I've heard this dreck for well over a decade now. Right up there with "year of desktop Linux" which really has never happened. Linux was never a threat to Microsoft and windows on the desktop. Linux killed the Unix venders.

Linux is not a threat to apple. Hell apple now maintains some key components that Linux widely uses (ever check and sees who owns and maintains CUPS these days).

And Linux is not dominating the mobile market. While android may use Linux underneath, when people by a droid phone, they think google and android os.

What keeps people like me using macs and windows are two factors. Ironically the same two factors to why I switched to osx over 10 years ago.

1) Lack of major software packages. For better or worse the business world runs on office. Personally at home I can get away with using OpenOffice or iWork. But for work, I've tried and always end up having to use office for some reason.

2) lack of quality hardware - on the server side Linux has this, not so much on the desktop and laptop side. Even windows now have this problem. I buy MacBook pros because I have yet to have one that has lasted under 4 years. Think pads used to have this level of quality, which you also paid for, but over the past 18 months I know a lot of people we work with are complaining that they are on their second or third think pad in that time.

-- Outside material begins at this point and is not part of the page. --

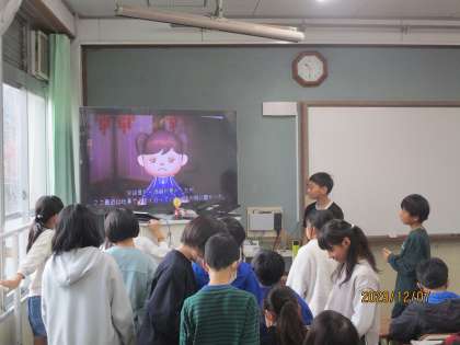 大人気のホラー係!クラスの友達は待ち遠しかったのか多くの友達が集まりました。みんなを引きつけられる工夫がいいですね!

Maybe as we get more cloud based apps this will change. I'm finding office 360 and skydive increasingly handy as I can now edit office docs online with either an iPad or android tablet easily. But seriously, Linux is still not a threat to either company.

Comment Re:Good (Score 4, Interesting) 433

It's what is happening. I had a professor in college who predicted by 2015 - 2020 the internet as we knew it then would be over. It would be controlled by corporate and governmental interests and that would be achieved through fragmentation and the fact that the backbone of the internet is owned by just a hand full of companies worldwide. While we've not yet seen the fragmentation yet, we've heard grumblings. I think what Iran is trying to do is similar to how the Great Firewall of China proved the internet could be tamed far easier than most around here thought. If Iran is even marginally successful in creating a Jihadnet or whatever, look for other other countries to try and do the same.

Comment DRM is here to stay (Score 1) 433

As long as it remains relatively unobtrusive. That was its problem in the early day, DRM was overly restrictive and made things a PITA for most ordinary users to use it. Apple figured out a way to do it where DRM was there, but was relatively unobtrusive. The studios et. al. learned. So long as it's easy to use and stays out of the way of what most people want to do, i.e. view content online easily, it will remain. When most people go to Netflix, so long as the movie they click on starts to play, they don't care if it has DRM or not.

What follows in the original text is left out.